One of the key objectives of this investigation was to assess all aspects of the HDFS including processes within volatile memory. Unfortunately, the findings surrounding this area of the investigation did not reap any forensically significant information as the processes associated with HDFS is run as abstract processes of Java, these processes were associated with the malicious user, but this information alone does not offer any insight into the actions being taken.

Clarification was also sought regarding the communication occurring between the Nodes and whether network traffic produced forensic artefacts that could prove useful in determining activity. Although some information was gained from the network traffic that corresponded with other findings, the traffic offered only a small amount of information that could be used to validate communications between the NameNode and DataNodes. It should also be noted that in some HDFS installations, communication between each of the nodes is often encrypted as a means of security and would, therefore, offer less information.

Assumptions were made with some of the actions that seemed logical, the removal of data being once instance in which one would assume some notation of deletion to occur, however, this produced results that did not coincide with the assumptions made. It is because of assumptions like this that forensically analysing environments like that of HDFS and other distributed file systems are required so that the forensically community can build a repertoire of knowledge with regards to these systems.

As this investigation focused predominately on HDFS, more works needs to be done to understand the entirety of the Hadoop ecosystem with special attention being paid to the types of artefacts that are generated as a result of MapReduce.
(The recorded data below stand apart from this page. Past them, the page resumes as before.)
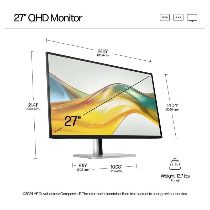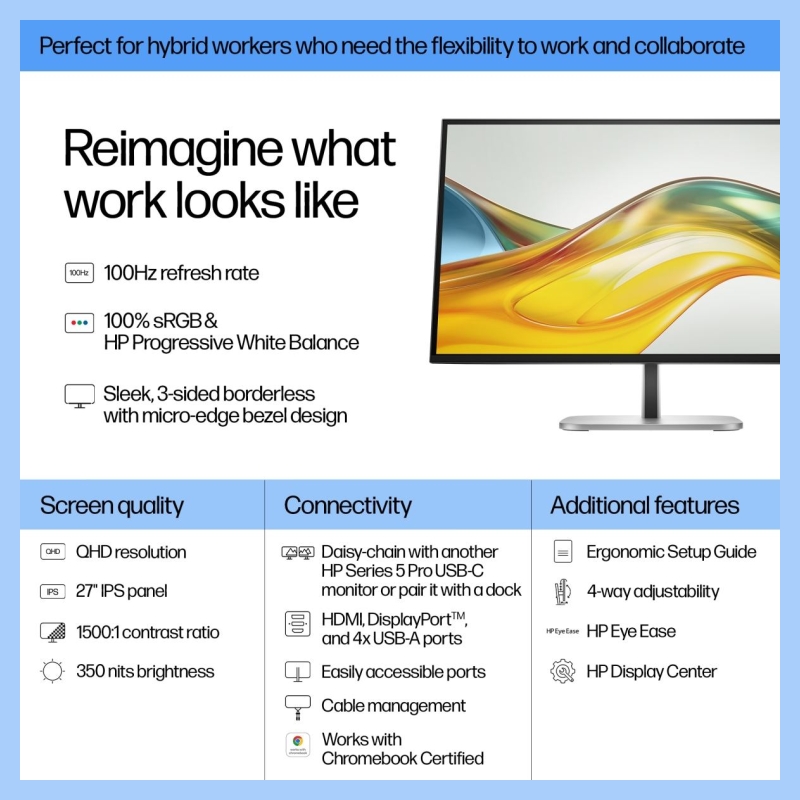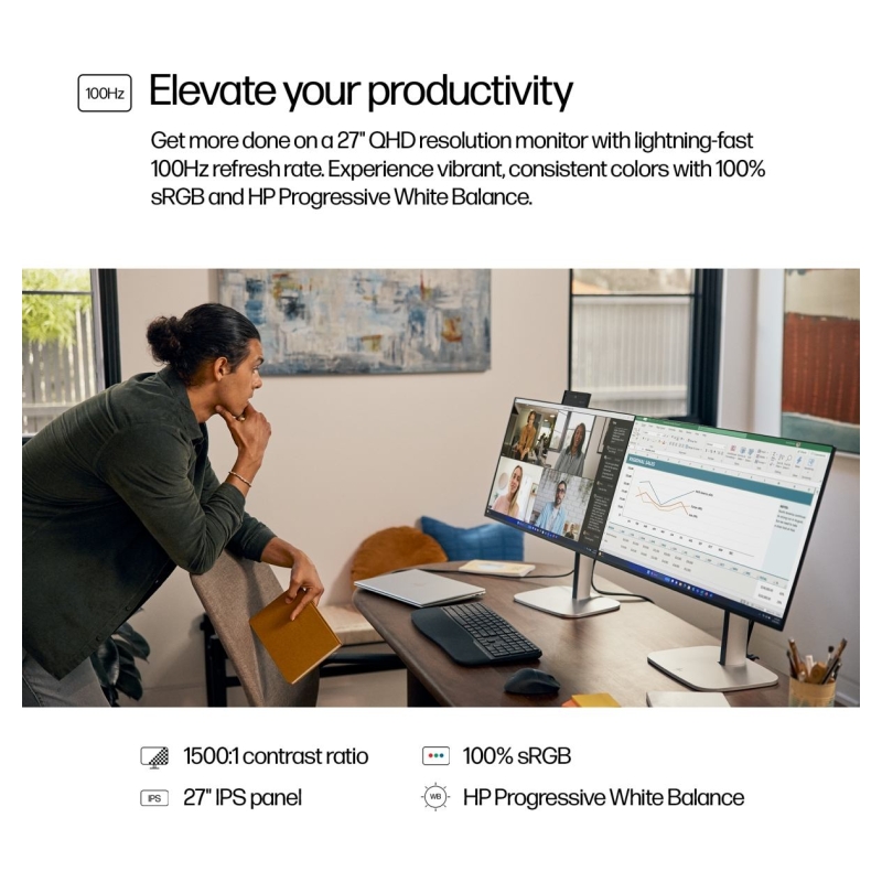 • Get more done on this 27" QHD resolution monitor with 100 Hz refresh rate[1]. Experience vibrant, consistent colors with 100% sRGB[1] and HP Progressive White Balance.[2]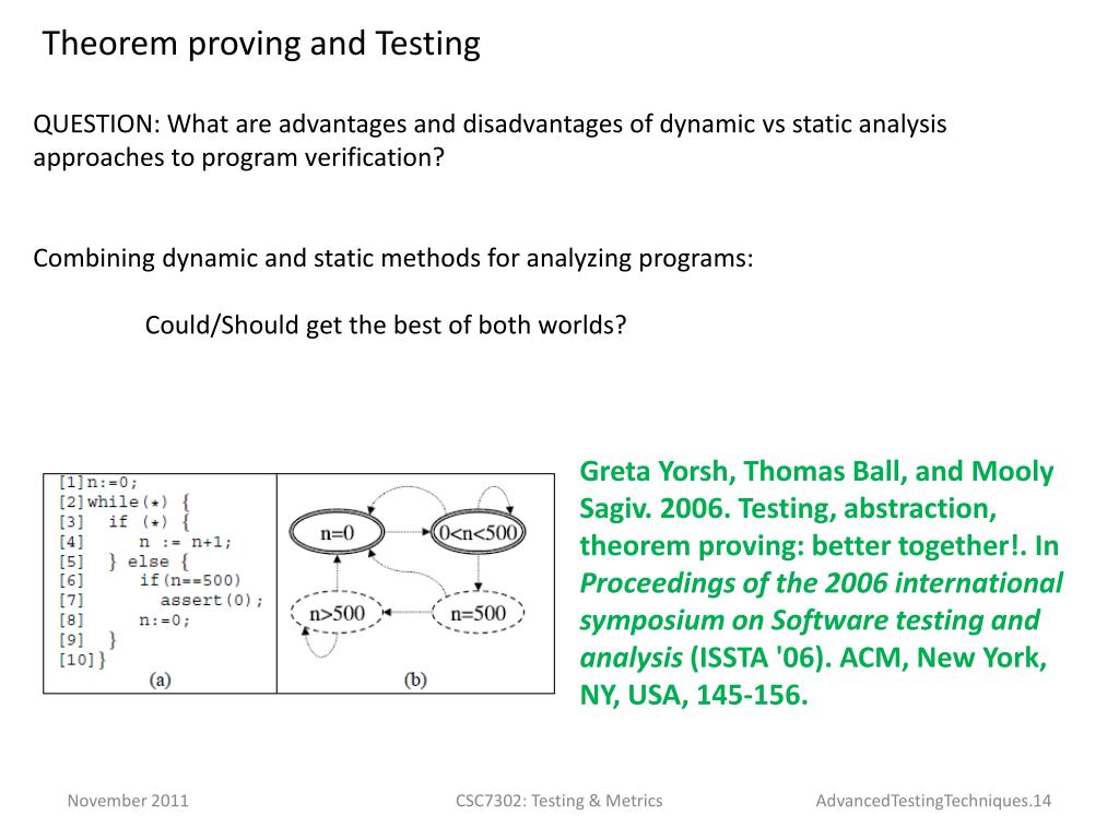 Theoremproving and Testing • QUESTION: What are advantages and disadvantages of dynamic vs static analysis approaches to program verification? • Combiningdynamicand static methods for analyzing programs: • Could/Should get the best of both worlds? Greta Yorsh, Thomas Ball, and MoolySagiv. 2006. Testing, abstraction, theorem proving: better together!. In Proceedings of the 2006 international symposium on Software testing and analysis (ISSTA '06). ACM, New York, NY, USA, 145-156. CSC7302: Testing & Metrics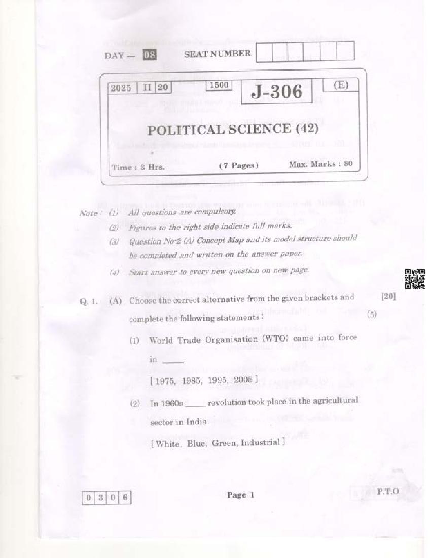 Maharashtra HSC Political Science Question Paper 2025 PDF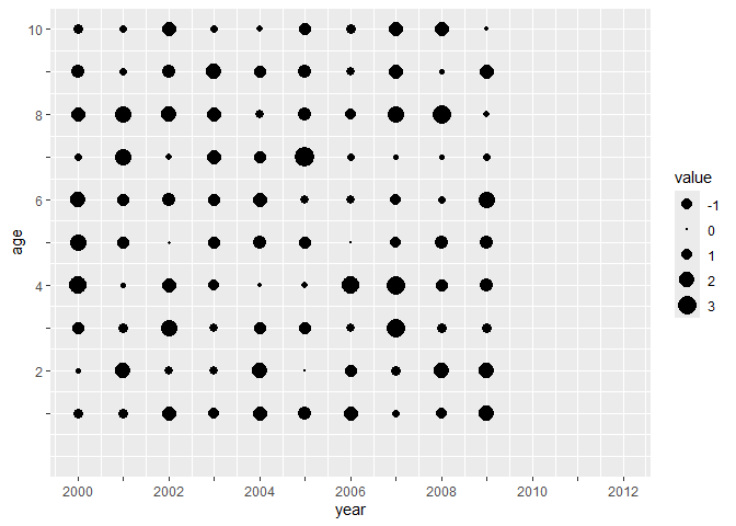 ggplot(aes(year, age, size=value)) +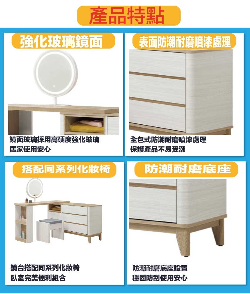 採用防蛀木心板+防潮耐磨底座+五金滑軌結構+強化玻璃鏡面等安心材質製造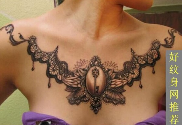 美女胸部时尚性感的蕾丝纹身图案_胸部纹身图案大全_纹身图吧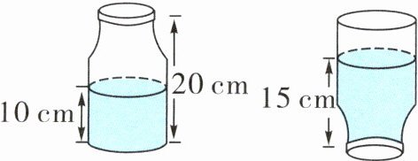 6. (湛江期末真题)如图,一个瓶子深20 cm,从里面量得底面直径是10 cm,瓶里水深10 cm,把瓶口塞紧后,使其瓶口向下倒立,这时水深15 cm,瓶子的容积是多少毫升?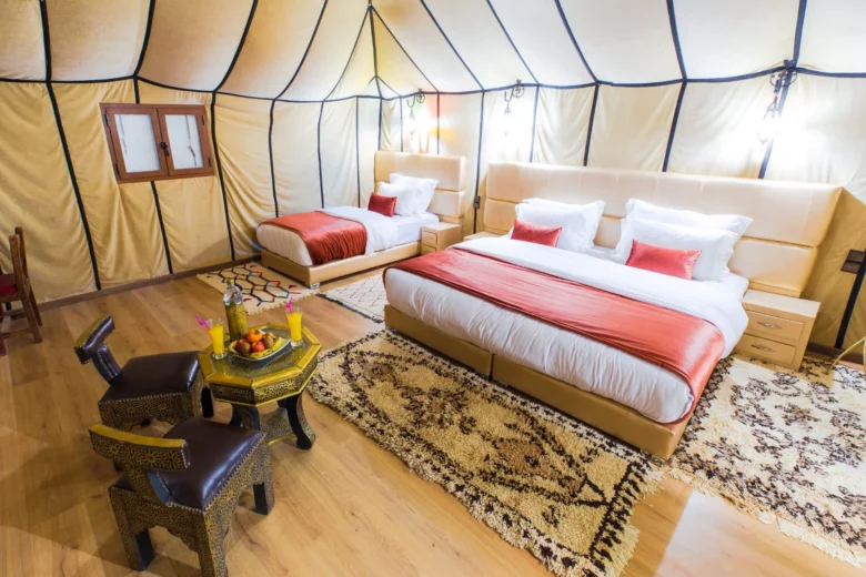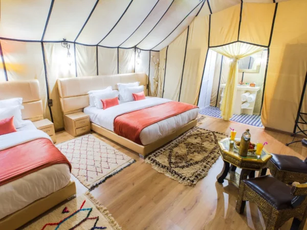 Our Triple Luxury Desert Tent is designed to offer both flexibility and comfort in the heart of the Merzouga desert. The tent is available in …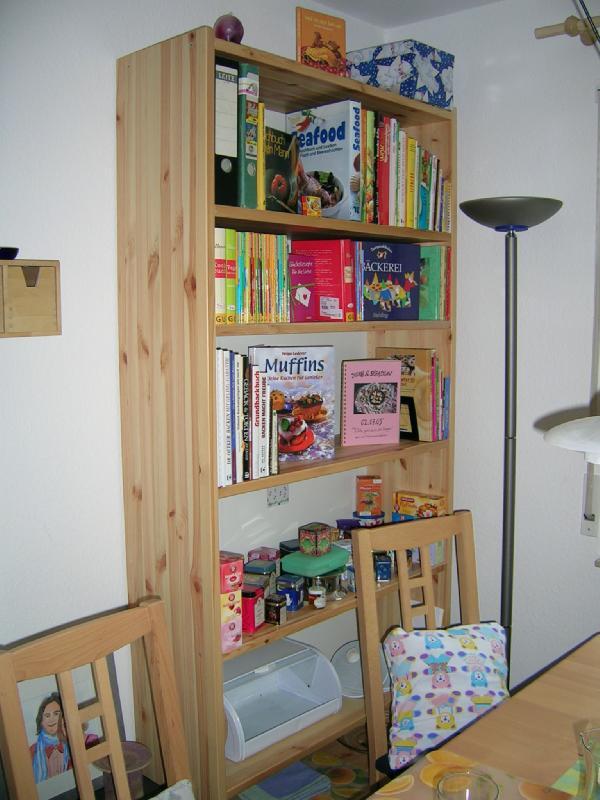 Das ist das Rezeptregal im Esszimmerbereich.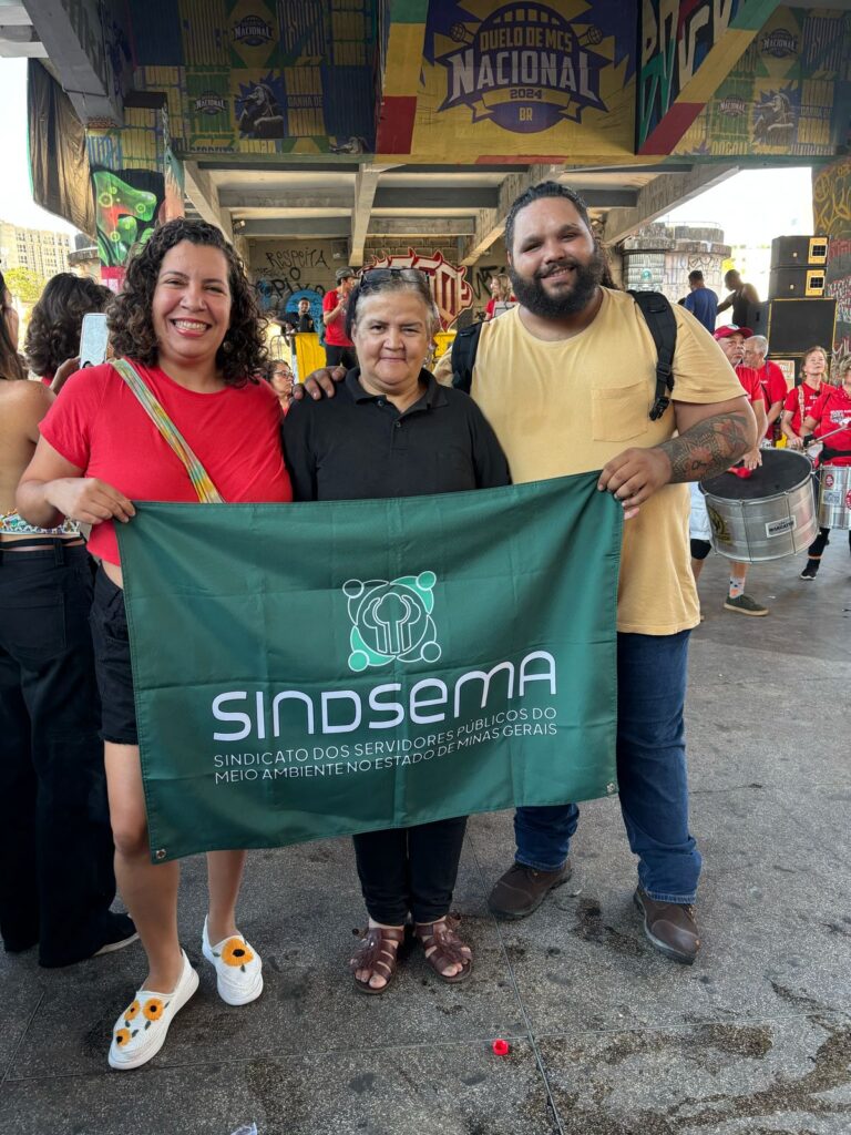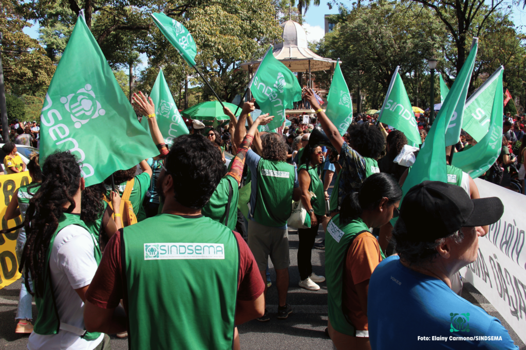 O Sindsema iniciou o mês de Maio na luta! Wallace Alves, Lara Fonseca e Sandra Baldez, membros da diretoria executiva, participaram do Ato do Dia do Trabalhador, em Belo Horizonte.

The exploration of the Eclipse IDE with the MapReduce plugin may also prove valuable in gathering forensic insight into HDFS forensics. Additional research may be needed in HDFS environments that utilise Kerberos for authentication, as more forensic artefacts may be attributed to a Kerberos base cluster. Moreover, forensics investigation of evidence generated in HDFS through connecting it to emerging IoT and IIoT environments is another interesting future research [47, 48]. Analysing malicious programs are specifically written to infect HDFS platforms to exfiltrate data or steal private information within cyber-attack campaigns is another future work of this study [15]. Finally, as machine learning based forensics investigation techniques are proving their value in supporting forensics investigators and malware analyst activities it is important to build AI-based techniques to collect, preserve and analyse potential evidence from distributed file system platforms [4951].

Acknowledgement

We would like to thank the editor and anonymous reviewers for their constructive comments. The views and opinions expressed in this article are those of the authors and not the organisation with whom the authors are or have been associated with or supported by.